Выходит, наш экипаж сдает экзамен. Вот-вот выяснится, правильно ли мы приготовили мины, нет ли ошибки в определении оси фарватера, точно ли рассчитан боевой курс и минный интервал. Ну как тут не волноваться!

Мы выставили немало мин (считая сегодняшние — 100). Однако какое их воздействие, какой урон они приносят врагу, остается в большинстве случаев неизвестным. А ведь никакая деятельность, никакой труд не приносят радости, если не видны его плоды. Эйнштейн как-то сказал, что самая приятная работа — колка дров, там результат сразу налицо. Можно понять неудовлетворенность подводников, совершающих полные смертельной опасности глубокие рейды в базы противника и не знающих, какова эффективность минных постановок.

Приказываю вахтенному офицеру Новожилову:

— Записать в вахтенный журнал о фашистском конвое, идущем к месту минной постановки, и передать о нем по отсекам.

Конвой противника шел к заминированному участку. Это означало, что шхерный фарватер нами определен правильно.

Даю посмотреть в перископ Новожилову. Он внимательно наблюдает, затем с волнением докладывает:

— Идущие впереди катера скрываются в проливе…

— И не подорвались?

— А так и должно быть, — гудит басом капитан-лейтенант, — мы ведь ставили углубление в минах с расчетом на осадку глубокосидящих кораблей.

Снова прижимаюсь к окуляру и, затаив дыхание, слежу за развитием событий. Транспорт подходит к минному заграждению все ближе и ближе. Наконец его корпус начинает скрываться за островом. И тут происходит взрыв. Столб вспененной воды взлетает ввысь. По инерции судно еще продвигается вперед, окутывается паром и дымом. Теперь его плохо видно. Эскортные корабли резко отворачивают влево, заслоняя картину трагедии. И все же я успеваю разглядеть, как наклонились мачты подорванного транспорта. В перископ смотрят Герасимов, Редькин, Иванов и Новожилов (дали поглядеть и рулевому Матвеенко). Однако никто не может твердо сказать, что подорвавшийся транспорт затонул.

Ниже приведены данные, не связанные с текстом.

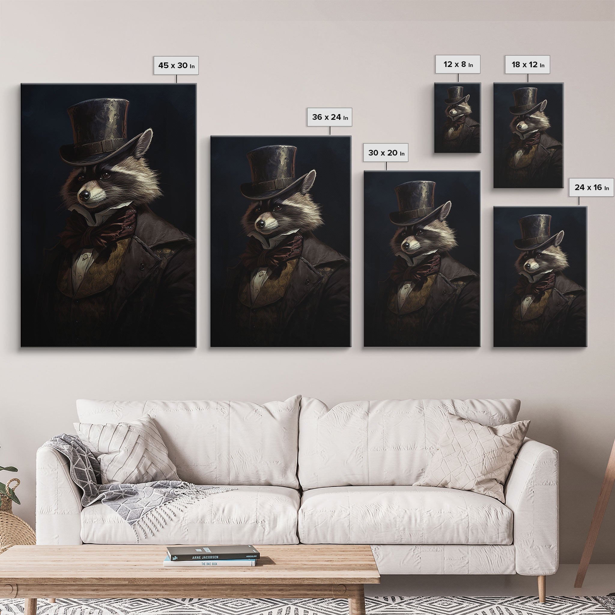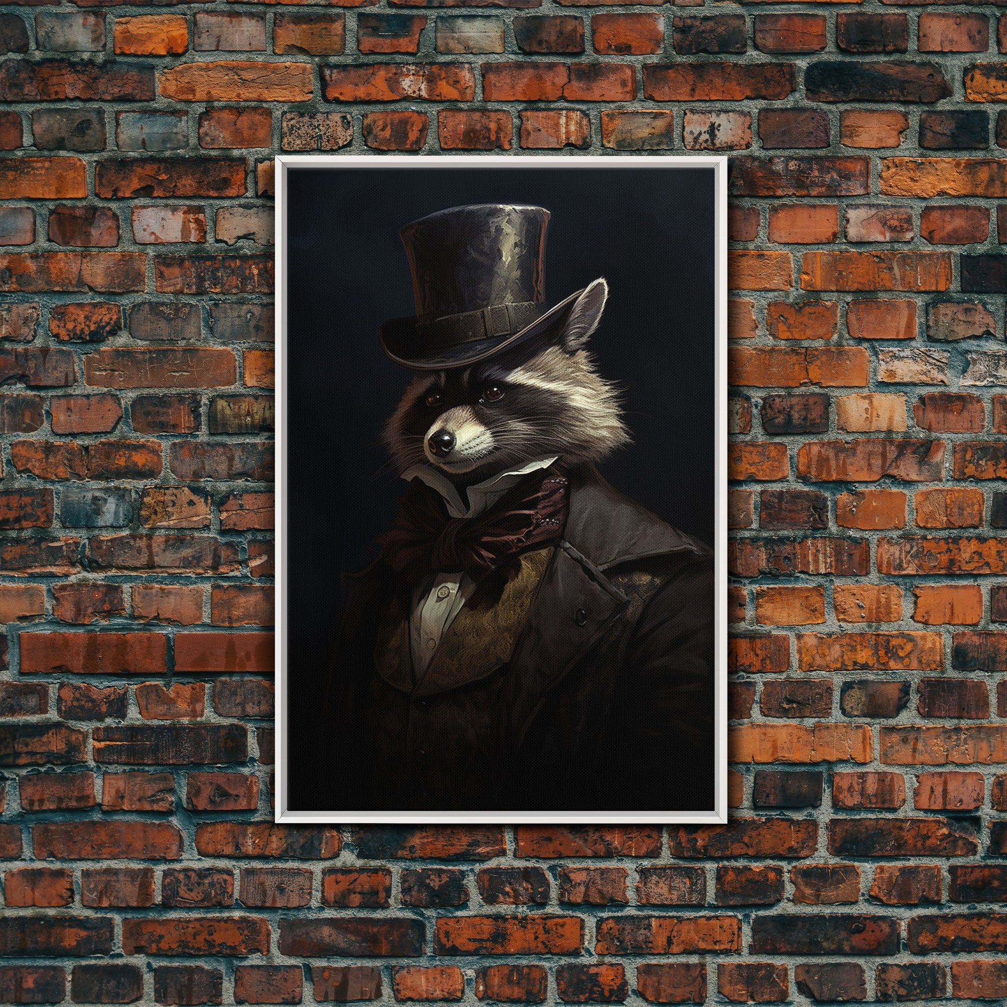 Funny Raccoon Art, Framed Canvas Print Or Poster, Funny Halloween Art, Victorian Raccoon Oil Painting Portrait, Victorian Business Raccoon
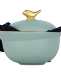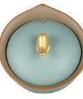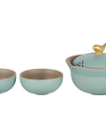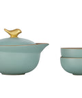 Gaiwan vert élégant et tasses dans un étui de voyage compact. Idéal pour déguster du thé en déplacement ou partager avec un ami.
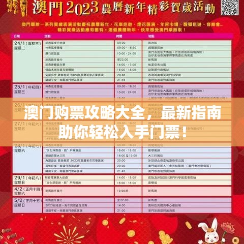 澳门,这座充满魅力的城市,不仅有丰富的文化遗产和旅游景点,还是博彩业的热门目的地,随着旅游业的发展,前往澳门参观、游玩和博彩的游客络绎不绝,本文将为大家提供一份澳门买票的最新攻略,帮助大家更好地了解和掌握在澳门购票的相关信息和技巧。

Дым еще долго не расходится над местом катастрофы, постепенно сливаясь с наступающими сумерками того памятного апрельского вечера.

Мы уже 14 часов находимся под водой. Дышать становится нестерпимо тяжело. Но в отсеках идут оживленные разговоры.

Как мне хочется обрадовать экипаж сообщением о гибели транспорта! Как было бы приятно цифру «7» на рубке лодки увеличить еще на одну единицу. Но я не могу так поступить: судно считается потопленным только в том случае, когда его погружение под воду командир проследил до конца. А я, как говорится, пузырей не видел.

На флагманском командном пункте после моего доклада о боевом походе командующий А. Г. Головко похвалил экипаж за тактический прием в постановке мин и успешное выполнение задания, после чего спросил:

— Вы проследили до конца гибель транспорта?

Я был почти уверен в гибели судна, более того, не сомневался в этом, но также твердо помнил, что должен быть всегда правдивым, и потому, не колеблясь, ответил:

— Нет.

Командующий устало откинулся на спинку кресла, немного подумал и вынес решение:

— Отнесем транспорт к разряду поврежденных. После войны стало известно, что в этом районе погибло несколько кораблей и транспортов противника. Их названий, к сожалению, установить не удалось.